◆ WHAT YOU ARE ASKED TO DO ◆
Pull every line holding the string "нанесения" from the records below.

◆ Excerpts from a dataset ◆

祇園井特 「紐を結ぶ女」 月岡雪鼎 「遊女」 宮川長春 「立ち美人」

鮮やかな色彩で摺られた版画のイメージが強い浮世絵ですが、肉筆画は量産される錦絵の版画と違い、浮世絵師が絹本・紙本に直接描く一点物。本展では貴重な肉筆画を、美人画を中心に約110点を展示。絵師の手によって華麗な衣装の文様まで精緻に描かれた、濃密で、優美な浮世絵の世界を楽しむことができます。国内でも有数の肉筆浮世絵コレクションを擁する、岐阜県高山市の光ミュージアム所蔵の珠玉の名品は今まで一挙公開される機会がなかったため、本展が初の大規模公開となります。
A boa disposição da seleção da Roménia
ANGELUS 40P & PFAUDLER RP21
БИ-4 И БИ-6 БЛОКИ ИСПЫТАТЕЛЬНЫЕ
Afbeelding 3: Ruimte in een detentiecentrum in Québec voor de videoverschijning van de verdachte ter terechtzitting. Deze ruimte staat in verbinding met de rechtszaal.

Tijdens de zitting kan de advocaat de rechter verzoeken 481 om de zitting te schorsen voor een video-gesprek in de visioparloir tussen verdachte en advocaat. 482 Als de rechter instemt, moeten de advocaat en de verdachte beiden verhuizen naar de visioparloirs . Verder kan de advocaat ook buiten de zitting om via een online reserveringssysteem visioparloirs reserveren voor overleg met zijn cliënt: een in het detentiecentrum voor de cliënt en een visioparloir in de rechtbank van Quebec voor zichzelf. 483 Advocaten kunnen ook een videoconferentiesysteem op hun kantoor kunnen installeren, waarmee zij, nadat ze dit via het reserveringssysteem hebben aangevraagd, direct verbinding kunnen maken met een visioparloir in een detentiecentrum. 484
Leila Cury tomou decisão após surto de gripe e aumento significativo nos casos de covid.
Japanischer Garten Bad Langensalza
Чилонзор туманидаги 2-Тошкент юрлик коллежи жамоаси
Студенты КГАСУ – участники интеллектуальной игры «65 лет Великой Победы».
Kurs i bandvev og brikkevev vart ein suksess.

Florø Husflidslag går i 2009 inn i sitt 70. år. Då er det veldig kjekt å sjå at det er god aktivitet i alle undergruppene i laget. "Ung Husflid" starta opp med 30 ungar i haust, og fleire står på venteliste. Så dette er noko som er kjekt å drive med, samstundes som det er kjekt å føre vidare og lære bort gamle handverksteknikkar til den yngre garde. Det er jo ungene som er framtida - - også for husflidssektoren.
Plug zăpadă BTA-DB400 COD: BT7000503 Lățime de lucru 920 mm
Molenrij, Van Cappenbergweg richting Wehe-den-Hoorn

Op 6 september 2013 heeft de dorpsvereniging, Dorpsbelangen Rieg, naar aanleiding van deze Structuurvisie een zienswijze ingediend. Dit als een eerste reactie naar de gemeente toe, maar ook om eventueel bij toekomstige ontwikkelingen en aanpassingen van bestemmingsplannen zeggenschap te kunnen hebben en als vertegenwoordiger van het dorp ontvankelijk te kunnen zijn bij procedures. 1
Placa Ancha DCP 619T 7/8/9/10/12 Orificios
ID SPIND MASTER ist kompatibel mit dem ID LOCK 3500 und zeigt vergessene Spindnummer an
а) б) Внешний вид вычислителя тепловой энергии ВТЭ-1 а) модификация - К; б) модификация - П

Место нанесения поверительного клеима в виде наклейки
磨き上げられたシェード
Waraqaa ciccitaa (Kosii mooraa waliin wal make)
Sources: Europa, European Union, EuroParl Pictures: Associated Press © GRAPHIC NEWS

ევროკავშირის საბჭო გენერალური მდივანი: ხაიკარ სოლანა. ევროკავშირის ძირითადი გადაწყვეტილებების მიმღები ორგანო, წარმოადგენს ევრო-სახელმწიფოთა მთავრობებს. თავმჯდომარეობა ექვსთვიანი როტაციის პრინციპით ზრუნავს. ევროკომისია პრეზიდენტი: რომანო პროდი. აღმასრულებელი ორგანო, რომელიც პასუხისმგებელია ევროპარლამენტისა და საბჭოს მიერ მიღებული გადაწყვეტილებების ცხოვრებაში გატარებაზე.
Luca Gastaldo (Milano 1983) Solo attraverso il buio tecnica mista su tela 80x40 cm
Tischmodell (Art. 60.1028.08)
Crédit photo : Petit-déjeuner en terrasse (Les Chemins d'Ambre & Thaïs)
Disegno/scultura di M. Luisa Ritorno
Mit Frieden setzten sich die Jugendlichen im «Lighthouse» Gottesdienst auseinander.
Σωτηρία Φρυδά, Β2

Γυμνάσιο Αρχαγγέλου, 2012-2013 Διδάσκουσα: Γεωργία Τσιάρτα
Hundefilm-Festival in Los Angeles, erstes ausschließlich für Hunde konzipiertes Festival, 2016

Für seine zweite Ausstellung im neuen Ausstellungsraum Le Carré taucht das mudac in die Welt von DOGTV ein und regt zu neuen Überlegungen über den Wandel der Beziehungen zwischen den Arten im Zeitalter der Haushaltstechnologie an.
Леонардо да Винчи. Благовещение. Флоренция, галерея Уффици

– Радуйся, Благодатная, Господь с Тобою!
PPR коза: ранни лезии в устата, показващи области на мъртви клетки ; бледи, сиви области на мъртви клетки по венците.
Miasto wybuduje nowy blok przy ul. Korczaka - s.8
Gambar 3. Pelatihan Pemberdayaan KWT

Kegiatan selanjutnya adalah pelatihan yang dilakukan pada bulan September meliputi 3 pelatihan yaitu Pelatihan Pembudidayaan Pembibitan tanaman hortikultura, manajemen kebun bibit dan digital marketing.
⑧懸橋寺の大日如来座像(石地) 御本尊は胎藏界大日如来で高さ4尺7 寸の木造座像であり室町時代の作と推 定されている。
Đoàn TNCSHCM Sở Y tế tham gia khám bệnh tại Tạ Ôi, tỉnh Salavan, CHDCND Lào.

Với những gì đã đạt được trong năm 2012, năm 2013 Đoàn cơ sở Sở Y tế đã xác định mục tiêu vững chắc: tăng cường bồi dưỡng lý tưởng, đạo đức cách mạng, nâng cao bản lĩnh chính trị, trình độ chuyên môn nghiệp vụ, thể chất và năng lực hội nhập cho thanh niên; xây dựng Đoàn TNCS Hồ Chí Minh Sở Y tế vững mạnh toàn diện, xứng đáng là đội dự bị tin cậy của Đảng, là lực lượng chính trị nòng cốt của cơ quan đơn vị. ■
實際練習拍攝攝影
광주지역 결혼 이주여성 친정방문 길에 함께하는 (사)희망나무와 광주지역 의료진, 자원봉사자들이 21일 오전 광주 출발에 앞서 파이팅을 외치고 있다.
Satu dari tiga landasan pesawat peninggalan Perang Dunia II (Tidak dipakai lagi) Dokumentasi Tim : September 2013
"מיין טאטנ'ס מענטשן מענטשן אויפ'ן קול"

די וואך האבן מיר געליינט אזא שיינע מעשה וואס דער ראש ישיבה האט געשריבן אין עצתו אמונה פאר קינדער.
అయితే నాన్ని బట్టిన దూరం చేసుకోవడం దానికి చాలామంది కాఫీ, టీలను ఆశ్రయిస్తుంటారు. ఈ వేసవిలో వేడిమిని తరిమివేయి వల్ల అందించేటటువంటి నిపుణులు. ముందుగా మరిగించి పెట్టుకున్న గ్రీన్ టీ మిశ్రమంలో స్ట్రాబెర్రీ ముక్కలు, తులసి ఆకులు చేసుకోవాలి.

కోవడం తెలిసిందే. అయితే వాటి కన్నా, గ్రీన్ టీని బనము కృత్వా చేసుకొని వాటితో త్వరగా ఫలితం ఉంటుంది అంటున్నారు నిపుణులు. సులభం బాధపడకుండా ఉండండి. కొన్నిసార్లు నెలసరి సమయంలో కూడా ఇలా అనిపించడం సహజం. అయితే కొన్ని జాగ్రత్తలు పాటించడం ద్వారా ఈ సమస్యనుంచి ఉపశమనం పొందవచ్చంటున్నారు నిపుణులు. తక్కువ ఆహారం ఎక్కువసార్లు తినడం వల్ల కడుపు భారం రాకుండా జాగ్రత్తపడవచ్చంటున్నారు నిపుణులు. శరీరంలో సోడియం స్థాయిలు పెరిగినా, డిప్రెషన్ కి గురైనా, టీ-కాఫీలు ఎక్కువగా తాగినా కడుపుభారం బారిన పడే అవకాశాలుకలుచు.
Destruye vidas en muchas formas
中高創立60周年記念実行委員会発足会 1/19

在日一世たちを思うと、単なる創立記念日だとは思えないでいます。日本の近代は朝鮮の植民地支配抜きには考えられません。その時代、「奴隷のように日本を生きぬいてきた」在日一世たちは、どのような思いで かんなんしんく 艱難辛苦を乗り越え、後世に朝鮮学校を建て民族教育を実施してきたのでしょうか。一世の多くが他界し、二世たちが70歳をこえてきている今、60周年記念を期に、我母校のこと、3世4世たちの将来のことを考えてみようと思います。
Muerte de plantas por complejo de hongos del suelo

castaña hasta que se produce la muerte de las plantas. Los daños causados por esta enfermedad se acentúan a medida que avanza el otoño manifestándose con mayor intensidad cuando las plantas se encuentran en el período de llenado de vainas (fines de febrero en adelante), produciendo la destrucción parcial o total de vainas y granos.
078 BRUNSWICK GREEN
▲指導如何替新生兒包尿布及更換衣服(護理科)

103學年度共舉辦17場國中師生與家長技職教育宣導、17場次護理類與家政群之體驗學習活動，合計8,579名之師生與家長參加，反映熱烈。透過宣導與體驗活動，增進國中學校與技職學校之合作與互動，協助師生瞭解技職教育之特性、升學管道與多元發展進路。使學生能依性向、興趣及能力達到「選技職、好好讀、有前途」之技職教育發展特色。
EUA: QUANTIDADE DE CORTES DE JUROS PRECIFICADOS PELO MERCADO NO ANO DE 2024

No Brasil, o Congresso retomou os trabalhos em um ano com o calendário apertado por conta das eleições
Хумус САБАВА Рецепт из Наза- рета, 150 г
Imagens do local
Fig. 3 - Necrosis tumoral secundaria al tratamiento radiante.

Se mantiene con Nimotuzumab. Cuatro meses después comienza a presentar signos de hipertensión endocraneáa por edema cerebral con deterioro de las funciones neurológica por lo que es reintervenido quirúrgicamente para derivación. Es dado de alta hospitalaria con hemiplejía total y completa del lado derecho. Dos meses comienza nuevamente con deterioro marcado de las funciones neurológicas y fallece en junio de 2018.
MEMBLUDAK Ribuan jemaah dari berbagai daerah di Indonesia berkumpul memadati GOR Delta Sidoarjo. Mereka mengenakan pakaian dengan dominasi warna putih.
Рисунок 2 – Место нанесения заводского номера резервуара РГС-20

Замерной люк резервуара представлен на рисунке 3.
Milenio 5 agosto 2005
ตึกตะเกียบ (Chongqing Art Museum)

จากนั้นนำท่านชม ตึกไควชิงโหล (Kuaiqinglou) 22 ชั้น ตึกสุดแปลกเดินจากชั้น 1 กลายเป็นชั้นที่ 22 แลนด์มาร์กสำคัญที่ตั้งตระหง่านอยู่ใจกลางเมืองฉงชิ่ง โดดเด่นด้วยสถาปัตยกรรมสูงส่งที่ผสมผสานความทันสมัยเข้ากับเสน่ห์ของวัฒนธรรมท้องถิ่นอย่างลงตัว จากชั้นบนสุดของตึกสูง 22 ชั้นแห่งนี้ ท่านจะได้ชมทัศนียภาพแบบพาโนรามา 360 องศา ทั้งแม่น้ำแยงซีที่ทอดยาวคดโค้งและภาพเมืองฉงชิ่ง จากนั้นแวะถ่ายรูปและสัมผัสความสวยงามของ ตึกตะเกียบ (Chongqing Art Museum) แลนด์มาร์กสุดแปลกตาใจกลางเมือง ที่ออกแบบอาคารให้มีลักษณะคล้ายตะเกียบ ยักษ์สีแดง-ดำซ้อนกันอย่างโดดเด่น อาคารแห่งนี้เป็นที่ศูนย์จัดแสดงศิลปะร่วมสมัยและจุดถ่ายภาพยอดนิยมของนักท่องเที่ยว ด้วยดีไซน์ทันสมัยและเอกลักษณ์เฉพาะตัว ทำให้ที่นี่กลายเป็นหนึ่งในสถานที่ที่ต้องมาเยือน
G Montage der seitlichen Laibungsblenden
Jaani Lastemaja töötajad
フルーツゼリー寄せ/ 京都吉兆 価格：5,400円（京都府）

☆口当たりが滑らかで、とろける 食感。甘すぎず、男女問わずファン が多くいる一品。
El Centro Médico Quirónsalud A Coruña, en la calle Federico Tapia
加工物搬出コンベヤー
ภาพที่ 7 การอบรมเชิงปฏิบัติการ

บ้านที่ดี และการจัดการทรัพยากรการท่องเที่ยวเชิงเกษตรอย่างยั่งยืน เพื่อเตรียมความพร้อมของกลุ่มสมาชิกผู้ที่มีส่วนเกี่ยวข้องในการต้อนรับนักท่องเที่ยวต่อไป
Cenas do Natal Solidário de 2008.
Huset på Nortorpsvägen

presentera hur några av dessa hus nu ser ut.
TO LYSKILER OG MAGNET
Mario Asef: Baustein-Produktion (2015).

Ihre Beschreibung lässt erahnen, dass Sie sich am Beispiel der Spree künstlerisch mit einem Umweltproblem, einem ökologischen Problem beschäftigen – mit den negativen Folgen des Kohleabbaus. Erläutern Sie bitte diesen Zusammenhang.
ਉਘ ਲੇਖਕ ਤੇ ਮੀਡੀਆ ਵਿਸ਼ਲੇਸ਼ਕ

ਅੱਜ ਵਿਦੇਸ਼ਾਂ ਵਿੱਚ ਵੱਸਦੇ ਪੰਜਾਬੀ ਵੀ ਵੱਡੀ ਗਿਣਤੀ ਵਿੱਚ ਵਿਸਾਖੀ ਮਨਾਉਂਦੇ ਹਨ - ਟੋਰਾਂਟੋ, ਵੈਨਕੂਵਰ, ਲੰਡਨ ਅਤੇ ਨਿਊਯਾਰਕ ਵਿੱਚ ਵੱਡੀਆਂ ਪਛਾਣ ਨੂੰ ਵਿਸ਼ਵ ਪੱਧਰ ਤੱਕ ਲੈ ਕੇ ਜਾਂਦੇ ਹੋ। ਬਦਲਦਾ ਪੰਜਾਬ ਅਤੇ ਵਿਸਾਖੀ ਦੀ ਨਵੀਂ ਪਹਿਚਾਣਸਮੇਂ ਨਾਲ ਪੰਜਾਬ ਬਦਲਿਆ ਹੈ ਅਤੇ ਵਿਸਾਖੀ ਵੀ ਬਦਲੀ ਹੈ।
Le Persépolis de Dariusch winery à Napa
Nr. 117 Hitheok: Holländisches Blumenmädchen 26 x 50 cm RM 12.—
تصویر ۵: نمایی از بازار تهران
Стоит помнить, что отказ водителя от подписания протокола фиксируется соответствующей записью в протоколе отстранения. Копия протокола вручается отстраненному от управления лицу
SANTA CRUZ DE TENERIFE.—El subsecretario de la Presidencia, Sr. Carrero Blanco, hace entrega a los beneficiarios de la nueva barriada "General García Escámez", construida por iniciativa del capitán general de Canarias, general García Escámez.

◆ ANSWER TO THIS TASK ◆
Место нанесения поверительного клеима в виде наклейки
Рисунок 2 – Место нанесения заводского номера резервуара РГС-20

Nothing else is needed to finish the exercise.